TASK:
Leaving out the pictures, retype exactly the lines from the one holding "Die gesamte Sonnenscheinzeit" through the end of the material.

======== AVAILABLE DATA

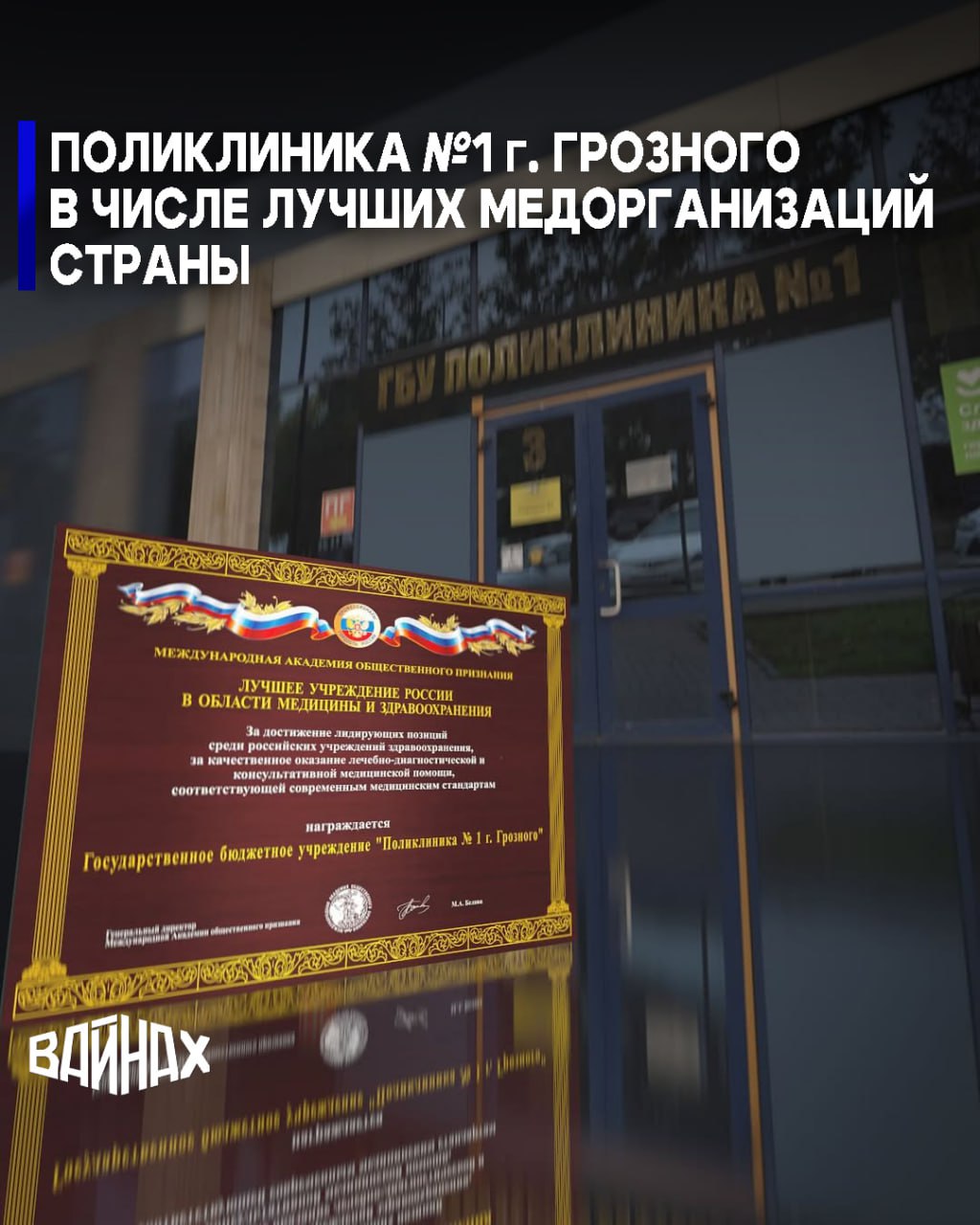 Поликлиника №1 г. Грозного объявлена одной из лучших медорганизаций страны по итогам Всероссийского конкурса «Лучшее учреждение РФ в области медицины и здравоохранения». Международная академия общественного признания вручила ей диплом и сертификат лауреата. Об этом сообщил министр здравоохранения региона Адам Алханов на своей странице в социальной сети.
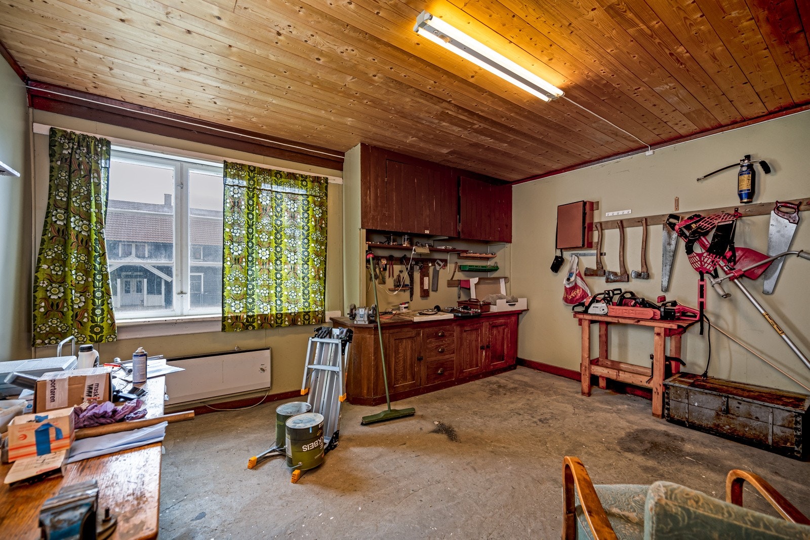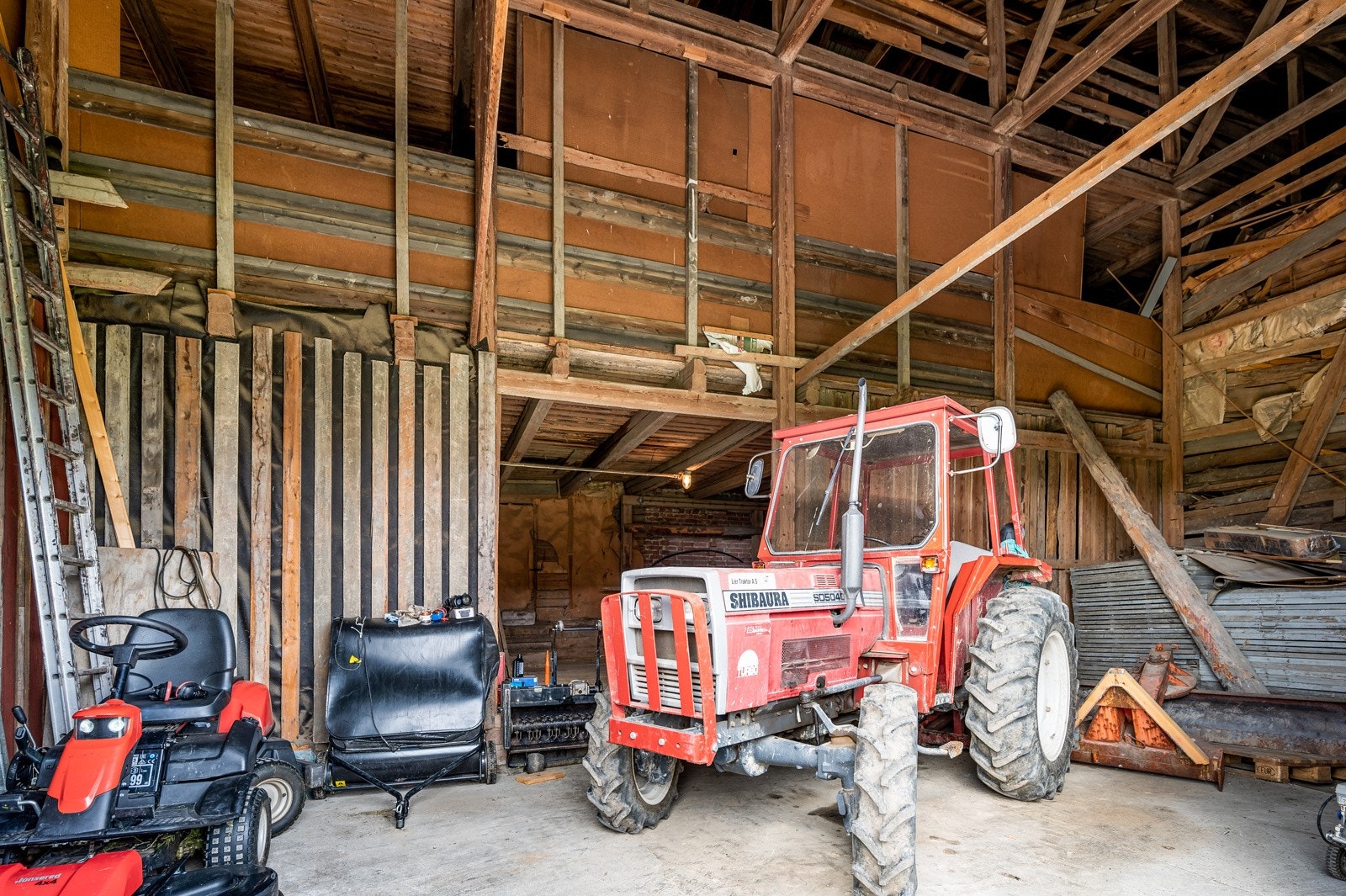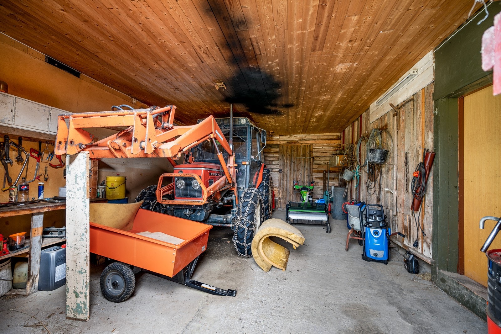 for landbruksredskap og andre maskiner, isolert og oppvarmet snekkerrom, verksted med enkle
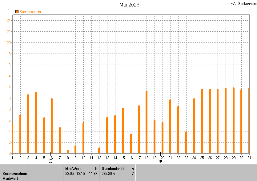 Die gesamte Sonnenscheinzeit lag bei 232:20 Stunden (entspricht: 107.1%) und war damit um +15:20h vom langjährigen Wert entfernt.
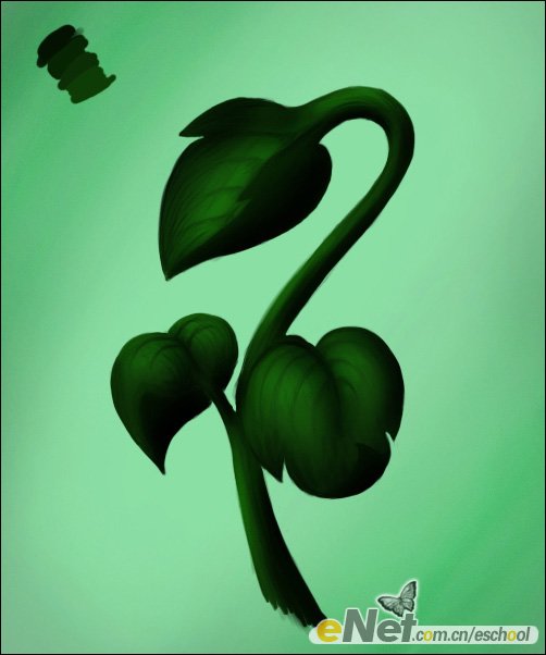 27、最后一步,用模糊工具把葉子打磨圓滑,然后用深色畫筆修正植物的輪廓。

================

YOUR SOLUTION:
 Die gesamte Sonnenscheinzeit lag bei 232:20 Stunden (entspricht: 107.1%) und war damit um +15:20h vom langjährigen Wert entfernt.
 27、最后一步,用模糊工具把葉子打磨圓滑,然后用深色畫筆修正植物的輪廓。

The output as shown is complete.